#### Your task
With the pictures left out, restate exactly the part below that opens with the line containing "本作的抽卡系统称为鹡鸰台,和" and closes with the line containing "Düren, 14. Juli".
======== Records for this exercise
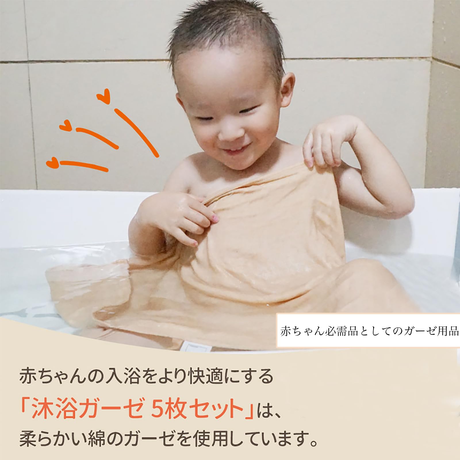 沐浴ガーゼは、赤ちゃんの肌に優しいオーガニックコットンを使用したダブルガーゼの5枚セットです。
================
======== Records for this exercise
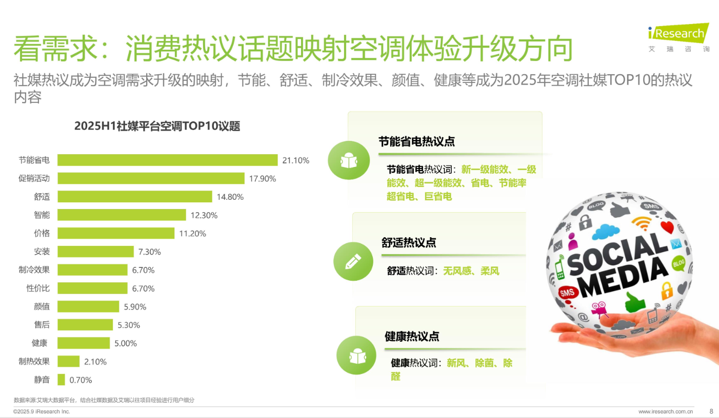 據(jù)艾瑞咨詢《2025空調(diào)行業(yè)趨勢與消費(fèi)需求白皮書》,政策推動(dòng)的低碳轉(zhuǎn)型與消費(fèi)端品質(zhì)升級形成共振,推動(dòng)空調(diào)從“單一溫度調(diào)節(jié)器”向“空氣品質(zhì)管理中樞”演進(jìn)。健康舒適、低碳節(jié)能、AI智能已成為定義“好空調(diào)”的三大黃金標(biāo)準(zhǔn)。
================
======== Records for this exercise
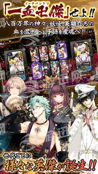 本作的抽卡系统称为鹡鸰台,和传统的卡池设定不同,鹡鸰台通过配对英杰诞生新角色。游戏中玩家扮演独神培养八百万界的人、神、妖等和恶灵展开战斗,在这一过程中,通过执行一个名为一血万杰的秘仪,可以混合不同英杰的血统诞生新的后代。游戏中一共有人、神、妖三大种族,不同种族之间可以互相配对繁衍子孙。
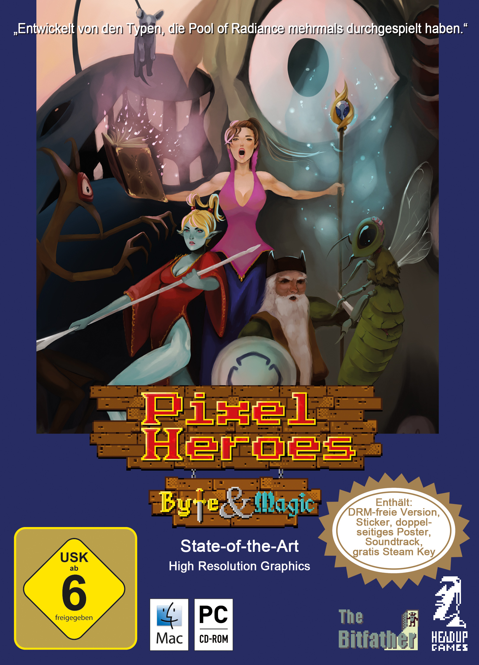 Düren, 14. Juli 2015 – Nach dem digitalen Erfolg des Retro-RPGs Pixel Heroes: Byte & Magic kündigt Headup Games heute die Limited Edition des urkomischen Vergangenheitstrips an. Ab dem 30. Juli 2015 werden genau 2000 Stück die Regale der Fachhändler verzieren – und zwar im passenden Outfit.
================
#### Answer to the problem
 本作的抽卡系统称为鹡鸰台,和传统的卡池设定不同,鹡鸰台通过配对英杰诞生新角色。游戏中玩家扮演独神培养八百万界的人、神、妖等和恶灵展开战斗,在这一过程中,通过执行一个名为一血万杰的秘仪,可以混合不同英杰的血统诞生新的后代。游戏中一共有人、神、妖三大种族,不同种族之间可以互相配对繁衍子孙。
 Düren, 14. Juli 2015 – Nach dem digitalen Erfolg des Retro-RPGs Pixel Heroes: Byte & Magic kündigt Headup Games heute die Limited Edition des urkomischen Vergangenheitstrips an. Ab dem 30. Juli 2015 werden genau 2000 Stück die Regale der Fachhändler verzieren – und zwar im passenden Outfit.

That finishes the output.